Step 2: Install required software into your virtual environment

In this step, you install the pyodbc module, dbt, and the dbt Spark ODBC plugin into your Python virtual environment.

  1. With the virtual environment activated, install the pyodbc module by running pipenv. This command specifies pyodbc version 4.0.30. If you use a different version, replace 4.0.30 with a different version number, or install the latest version by omitting ==4.0.30.

    pipenv install pyodbc==4.0.30
    
  2. Install dbt by running pipenv with the name of the dbt package from the Python Package Index (PyPI), which is dbt. This command specifies dbt version 0.19.1. If you use a different version, replace 0.19.1 with a different version number, or install the latest version by omitting ==0.19.1.

    Important

    If your local development machine uses any of the following operating systems, you must complete additional steps before installing dbt: Ubuntu, Debian, CentOS, and Windows.

    pipenv install dbt==0.19.1
    
  3. Install the dbt Spark ODBC plugin by running pipenv with the name of the dbt Spark ODBC plugin package from PyPI, which is dbt-spark[ODBC]. This command specifies dbt Spark ODBC plugin version 0.19.1. If you use a different version, replace 0.19.1 with a different version number, or install the latest version by omitting ==0.19.1.

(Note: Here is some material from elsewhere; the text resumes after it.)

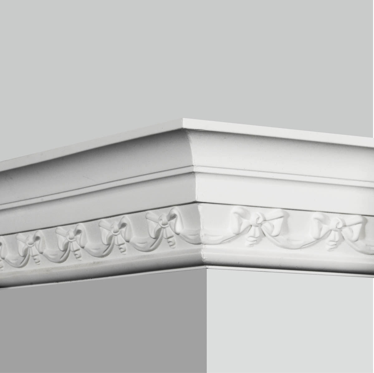 Decorative crown moulding is 3-3/16”H X 2-1/8”W X 94-1/2”L in size with a breadth 3-13/16”and flower:1-13/8”. This decorative crown moulding manufacturers adopts a triple layers design upon which knot-connected flowers are in rich details and exquisitely carved and combines a stepped climbing curl. As a repudiated crown moulding manufacturers,all our Goodware moldings are pre-primed and customized.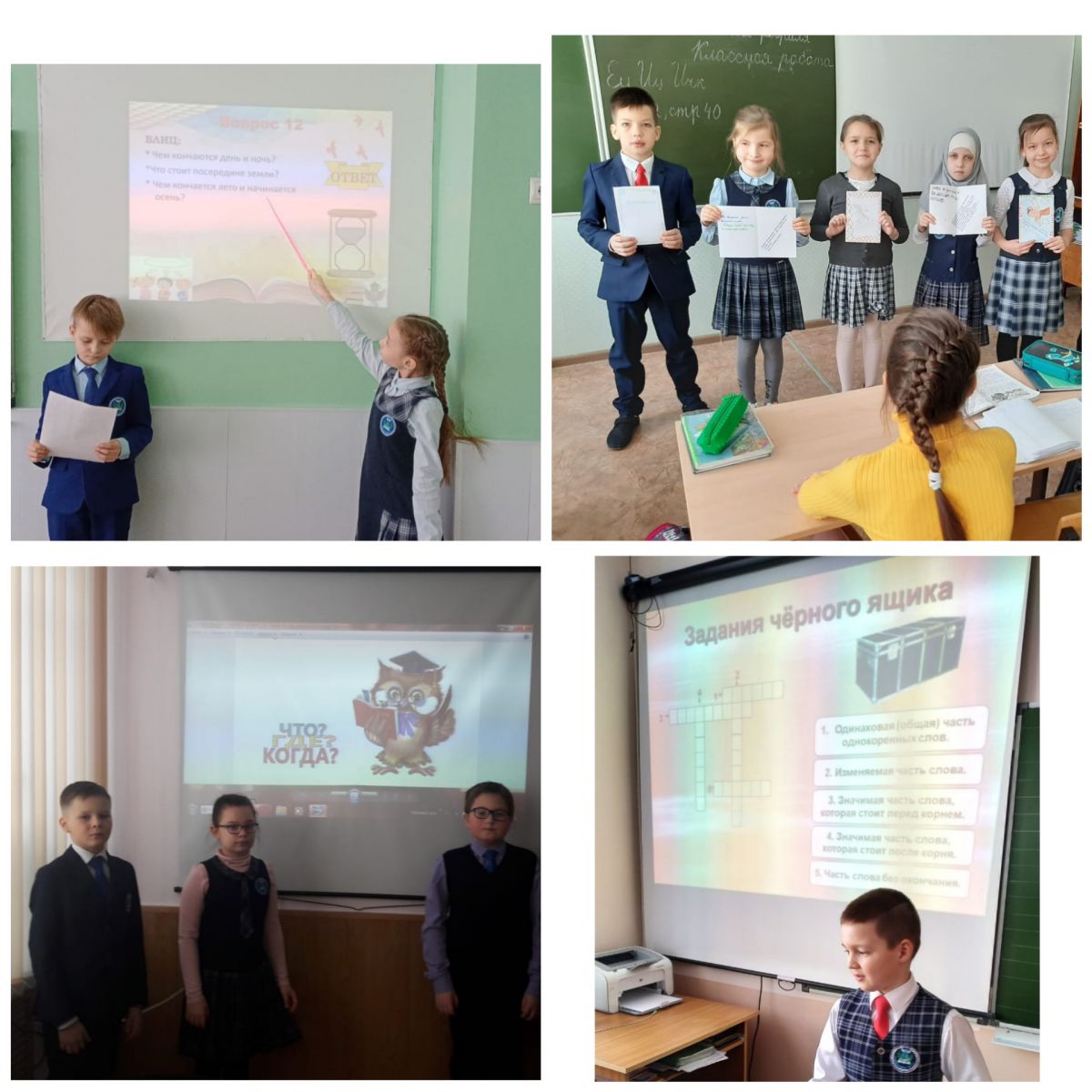 11 февраля 2021 года в начальной школе МБОУ «Гимназия №11 г. Лениногорска» была проведена языковая игра «Что? Где? Когда?». Для игры были отобраны наиболее интересные вопросы. Задания составлялись на основе изученного материала, так же присутствовали задания творческого характера. Мероприятие целей достигло, воспитательные, развивающие задачи реализованы. Игра способствовала расширению кругозора не только в области лингвистики, но и в других областях: естествознании, географии и биологии, помогла творческому развитию личности школьника и активизировала его познавательную самостоятельность.

    pipenv install "dbt-spark[ODBC]==0.19.1"
    

    You must specify "dbt-spark[ODBC]", including the version number if needed, within quotes.

  4. Confirm that your virtual environment is running the expected versions of dbt and the dbt Spark ODBC plugin by running dbt with the --version option. This procedure assumes the expected version for each is 0.19.1.

    dbt --version
    
    Installed version: 0.19.1
    ...
    Plugins:
    ...
      - spark: 0.19.1
    

    If an unexpected version of dbt or the dbt Spark ODBC plugin displays, make sure you have activated your virtual environment by running pipenv shell. If an unexpected version still displays, try installing dbt or the dbt Spark ODBC plugin again after you activate your virtual environment.

Step 3: Create a dbt project and specify and test connection settings

In this step, you create a dbt project, which is a collection of related directories and files that are required to use dbt. You then configure your connection profiles, which contain connection settings to an Azure Databricks cluster, a SQL endpoint, or both. To increase security, dbt projects and profiles are stored in separate locations by default.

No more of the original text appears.